Early this year the world commemorated the International Day of Forests, with the Food and Agriculture Organisation (FAO) joining Uganda to reiterate their commitment to restoring forests and degraded lands, as well as calling for action to reduce deforestation.
The call for forest restoration and better management of the ecosystem was made during a high level national dialogue organised jointly by FAO, the European Union, Sweden and the Ministry of Water and Environment.
According FAO, Uganda loses about 122,000 hectares of forests every year.
The experts noted that dealing with the challenge of loss of forests and biodiversity requires innovative approaches.
During the 2014 Climate Change Summit, Uganda pledged to restore 2.5 million hectares of degraded forest land by 2030.
The government has also started a campaign to plant 40 million trees particularly indigenous species every year.
As such scientists at the National Agricultural Forestry Resources Research Institute (NaFORRI) have come on board with a research initiative where they are breeding exotic tree species that can grow in drylands of the country.

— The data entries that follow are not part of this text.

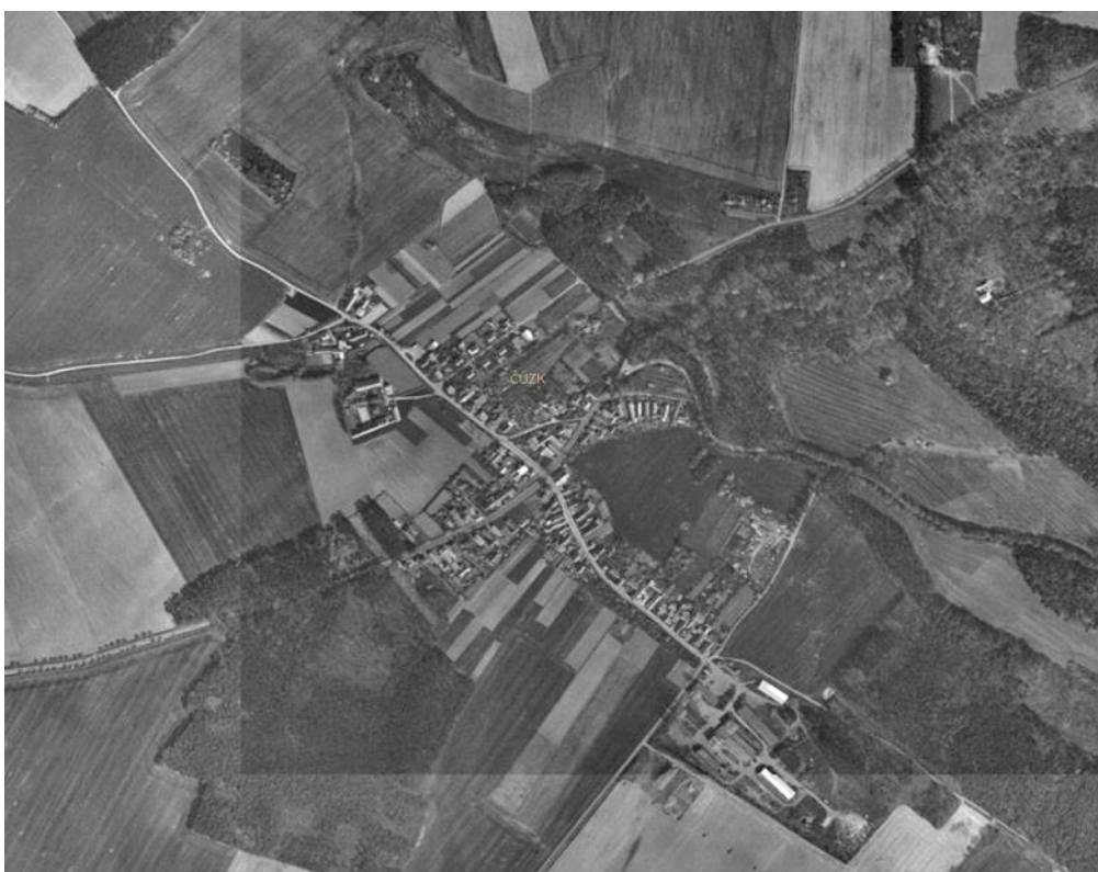
r. 2000
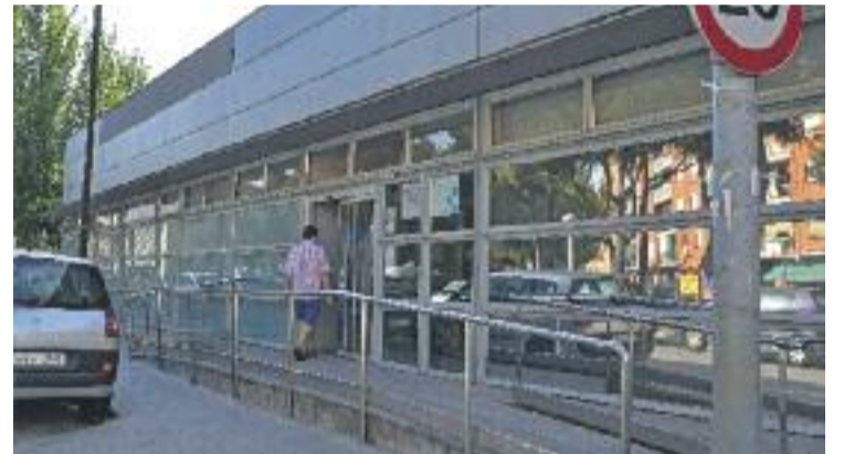
L'equip ha obtingut 94,2 punts sobre 100.

Per poder-se acreditar, cada equip ha de fer una autoavaluació del seu servei a partir de l'estudi de més de 300 ítems i, després, s'ha de sotmetre a una auditoria externa que duu a terme el Departament de Salut. Aquest sistema d'acreditació analitza en conjunt els aspectes de gestió i funcionament de l'equip com ara el lideratge, la política i l'estratègia, la gestió d'aliances o els recursos disponibles.
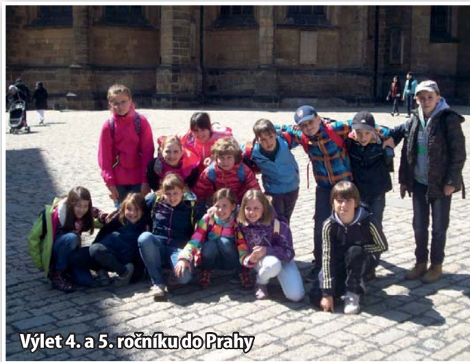
Výlet 4. a 5. ročníku do Prahy

Ve vaší vesnici 30. dubna vzplanula hranice, opékaly se buřtíky, náladu nepokazilo ani počasí. Tradice pálení čarodějnic je poměrně dlouhá a známá i v mnoha evropských zemích. Na hranici děti upálily figurínu čarodějnice, byly pro ně připraveny hry na hřišti, program začal průvodem čarodějnic ze školy. Akci pořádal obecní úřad spolu se ZŠ.

Planting trees in drylands
Citing the FAO 2019 report about forest cover in the drylands, the experts note that covering about 41 per cent of the earth’s land surface, more than 6 billion hectares, distributed among all continents, drylands are home to an estimated two billion people with about 90 per cent of them in developing countries.

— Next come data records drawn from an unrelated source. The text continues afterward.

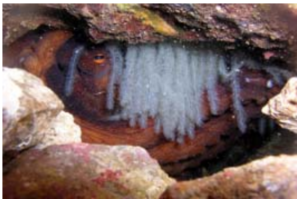
Fig. 1 Femmina di Octopus vulgaris intenta all'incubazione delle uova; Capri, -30 m.

Gli acquariologi che hanno trattato coi polpi sanno bene che questi splendidi animali hanno vita breve. La permanenza o, meglio, la visibilità nella vasca d'acquario può divenire brevissima se l'individuo immesso è una femmina fecondata -condizione che si scopre solo dopo- che, ben presto, s'infilerà in qualche anfratto della vasca, depositerà le uova e resterà lì a incubarle, senza più uscire nemmeno per alimentarsi, per diverse settimane, fino alla schiusa delle uova. Quello, però, è un momento glorioso, con migliaia e migliaia di polpetti, lunghi appena 2 mm, che, nel giro di minuti, schiudono dalle uova e si dirigono a piccoli balzi verso le fonti luminose, dando l'impressione di un continuo zampillio. I micromovimenti attivi sono compiuti a getto, con l'acqua espulsa dal mantello attraverso l'imbuto, seguiti da microspostamenti passivi verso il basso, per gravità, nei momenti d'inattività. I neonati di polpo hanno il corpo strutturato come gli adulti, seppur con proporzioni diverse, avendo l'apparato brachiale molto ridotto rispetto al mantello.
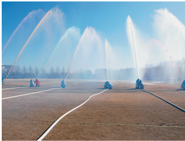
▲色とりどりの放水が青空に映える

なお、長年消防活動に尽力された173人と、消防技術の向上に貢献された4部に、表彰状や感謝状が贈られました。主な受賞者は次のとおりです（敬称略）。
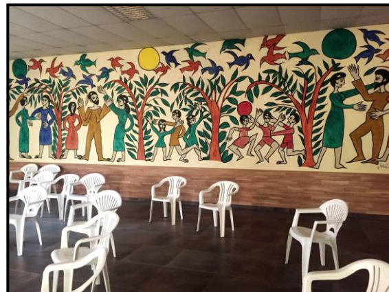
Mural de Jordi Maragall (1975)

Fou una trobada plena d'emoci3n revivint aquells mesos del 1975, amb el franquisme a les acaballes i del propi Franco, allitat des d'aquells infarts de finals d'octubre. Es vivien temps dif3cils i alhora esperançadors. Alg3u va remarcar que aquells objectors
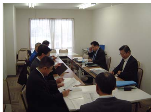
監査部による内部監査（万座温泉スキー場）
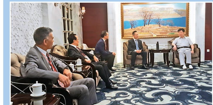
原山東省副省長謝玉堂(右)與考察團成員座談

“These ecosystems are vulnerable to water shortage, drought, desertification, land use and degradation and climate change impacts with dangerous ramifications for the food security, livelihood and wellbeing of their populations,” read part of the report.
Dr Isaac Kinyingi, programme leader forest conservation and management research at NaFORRI, explained that trees and forests in these lands help mitigate the challenges through provision of economic products. They also provide vital environmental services such as habitat for biodiversity, prevention of erosion and desertification and regulation of water and soil fertility.

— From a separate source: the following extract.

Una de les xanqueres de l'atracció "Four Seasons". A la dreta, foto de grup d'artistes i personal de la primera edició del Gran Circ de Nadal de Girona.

To him, urgent action is needed to improve the management and restoration of drylands and this means a comprehensive understanding of the global and regional threats to drylands and their populations is required to pinpoint what interventions are needed and where.
Unfortunately, the monitoring of dry land ecosystems has not attracted as much attention as that of other ecosystems such as humid tropical forests.
Therefore, he says, for the case of Uganda his team been driving a research agenda where they are testing seven tree hybrid tree species in the cattle corridor areas.
The various tree species
The tree species which are now under trial sites at Nakasongola, Mbarara, Kazo Kiruhura and Nabilatuk among others include Melia volkensii Uganda species and Melia volkensii Kenya species.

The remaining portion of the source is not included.